Luke Ingram, also out of Hawaii, is the only long snapper who was invited to this year's Combine. After walking on at the school as a defensive end, the younger Ingram took to long snapping to help improve his status on the team. A year later he earned a scholarship for his skill, and now has a chance to follow his brother to the NFL.
"We kind of taught each other, we both kind of learned at the same time," Luke Ingram said of the unique family skill. "Jake walked on to UH and played outside linebacker. The long snapper at the time broke his hand. Jake jumped out of stretching one day to learn how to snap because he didn't want to stretch. Meanwhile I was a freshman in high school. We kind of picked it up at the same time to tell you the truth. We kind of taught each other. We gave each other a lot of tips throughout our years of snapping. But he's definitely been a bit influential part of my career."
Jake Ingram lasted a year and a half in New England, and is currently a free agent having bounced around to a handful teams after being cut by the Patriots. Watching what his brother went through, Luke Ingram is well aware of the unique and tenuous nature that is life as an NFL long snapper.

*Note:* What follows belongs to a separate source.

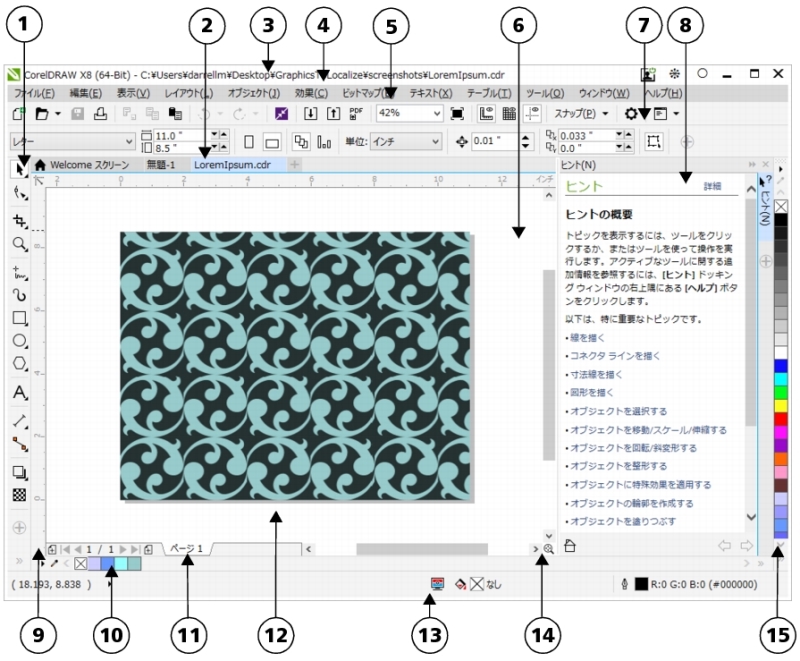 次に CorelDRAW アプリケーション ウィンドウの図を示します。
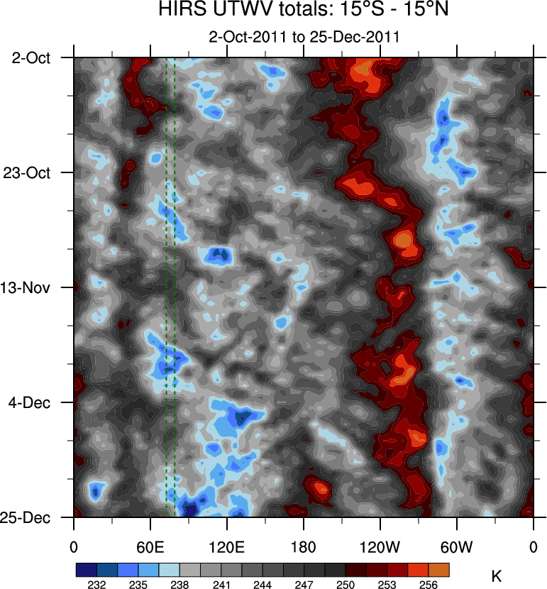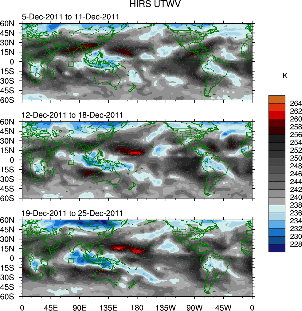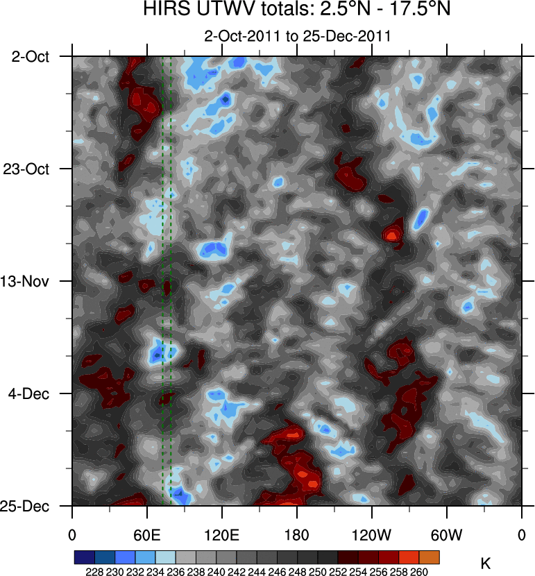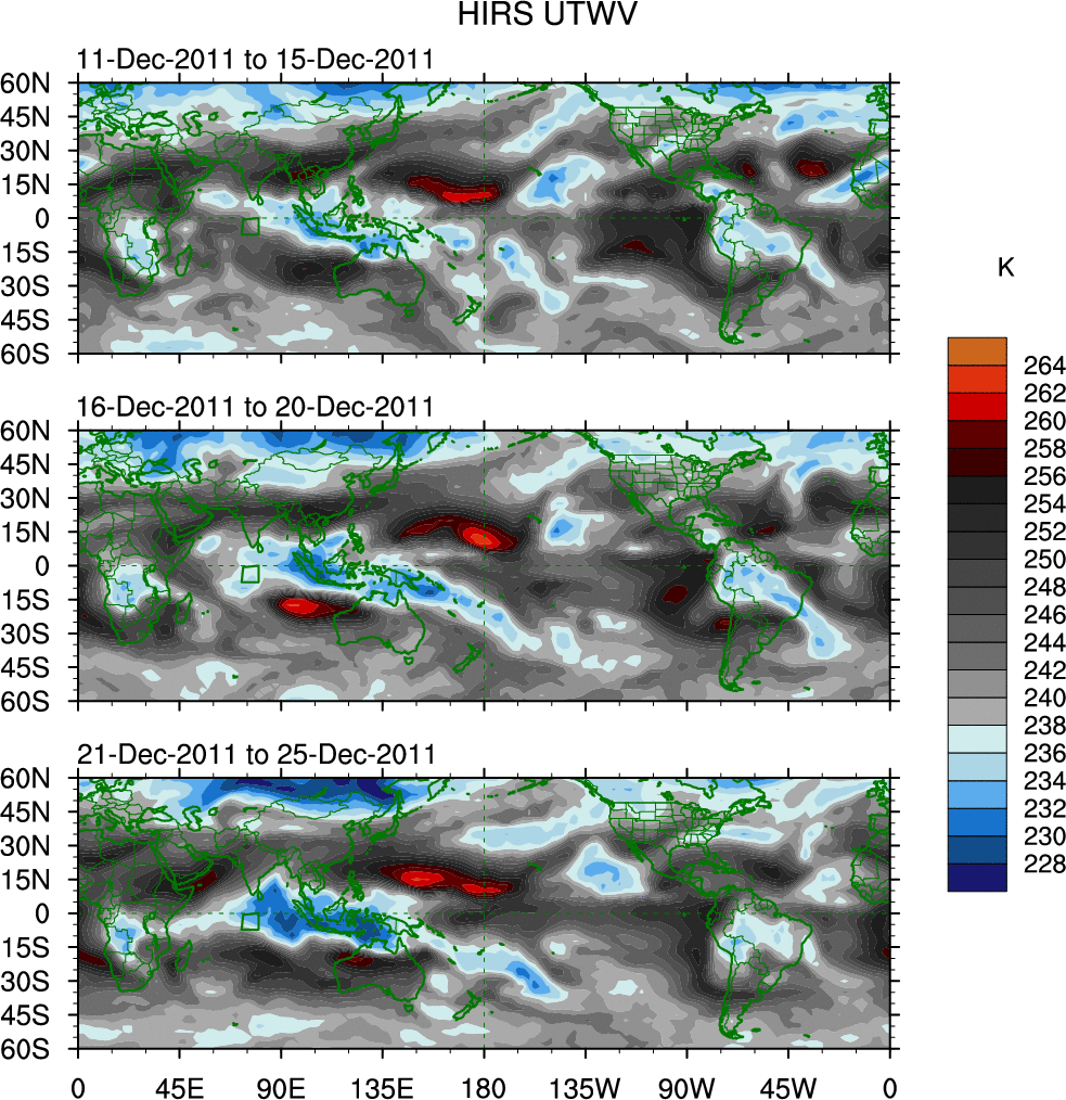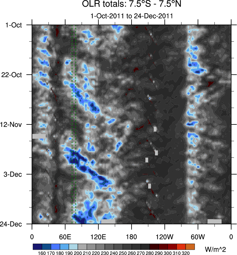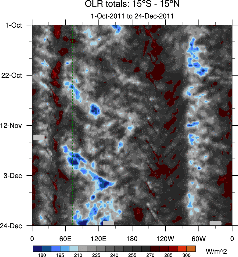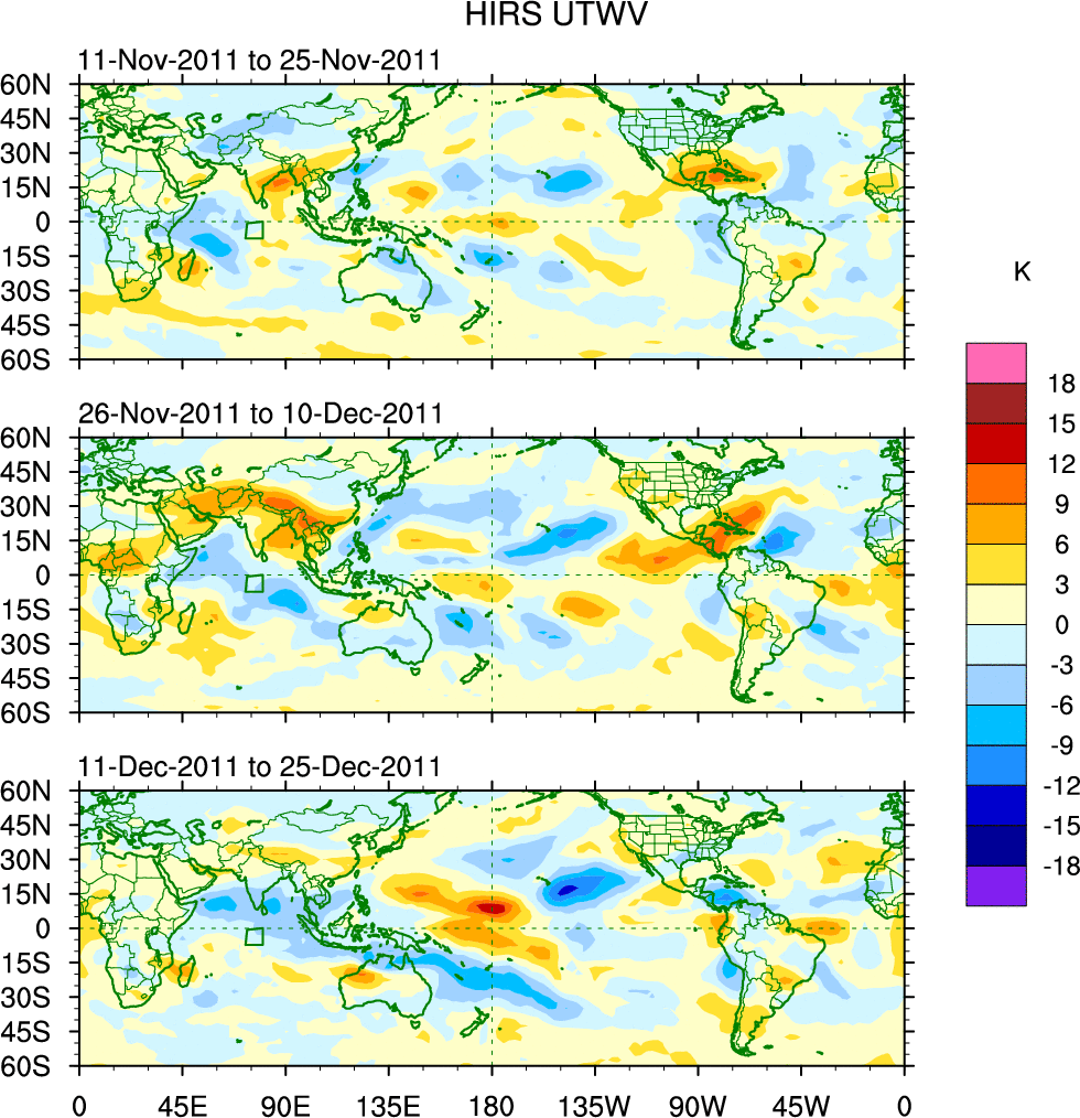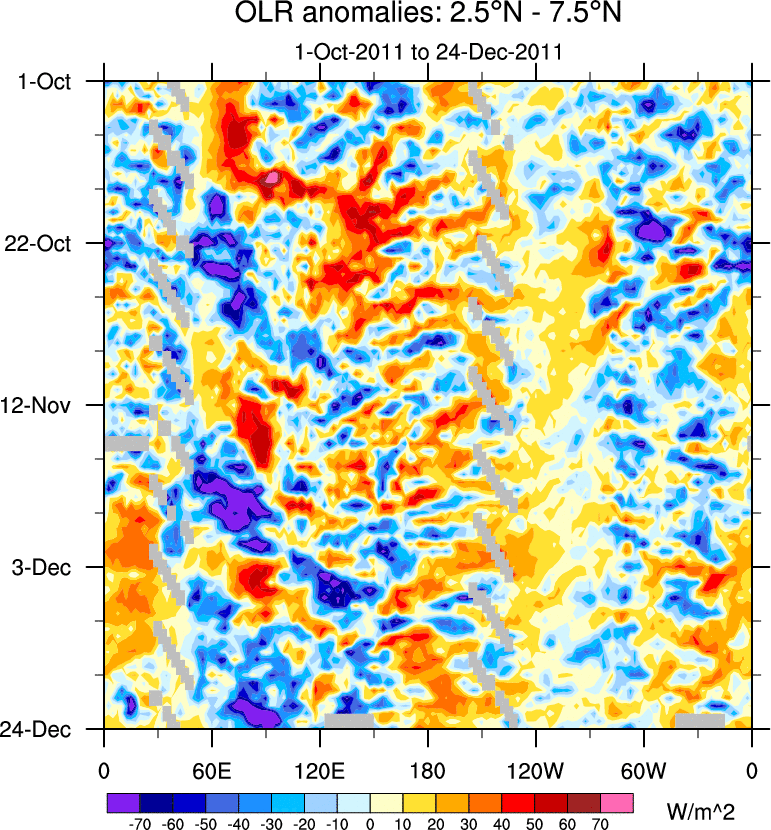 To identify tropical waves in near real-time, the OLR and UTWV data are filtered following Wheeler & Weickmann (2001 MWR). The daily anomalies are calculated using the first 3 harmonics of the seasonal cycle for 1979–2009. Missing values are then filled using linear interpolation in space and time. The most recent 365 days of anomalies are padded with 659 days of zeroes, and the result is filtered for each wave type.

"You mentally prepare yourself," said of the tough reality of the job. "It's not just one game or one practice. Being a long snapper is the difference of one play. There definitely is no chance at redemption. But that's just kind of what you go into when you accept a job being a long snapper. It kind of just comes with it. There is not much glory. But hey, it's a job and you get paid for it. You still help your team win. I think it's a great position. If you can play 10 years and nobody knows your name you know you did your job. That's how long snapping is and that's hopefully what I'll be able to do."
In fact the younger Ingram, who said he's already met with the Patriots among a handful of other teams, says the pressure of the long snapping job is what he likes most about it.
"I kind of think that's one of those things that kept me in the job. You only getting six plays or so a game. I don't find that feeling anywhere else, kind of that adrenaline and pressure, which I enjoy."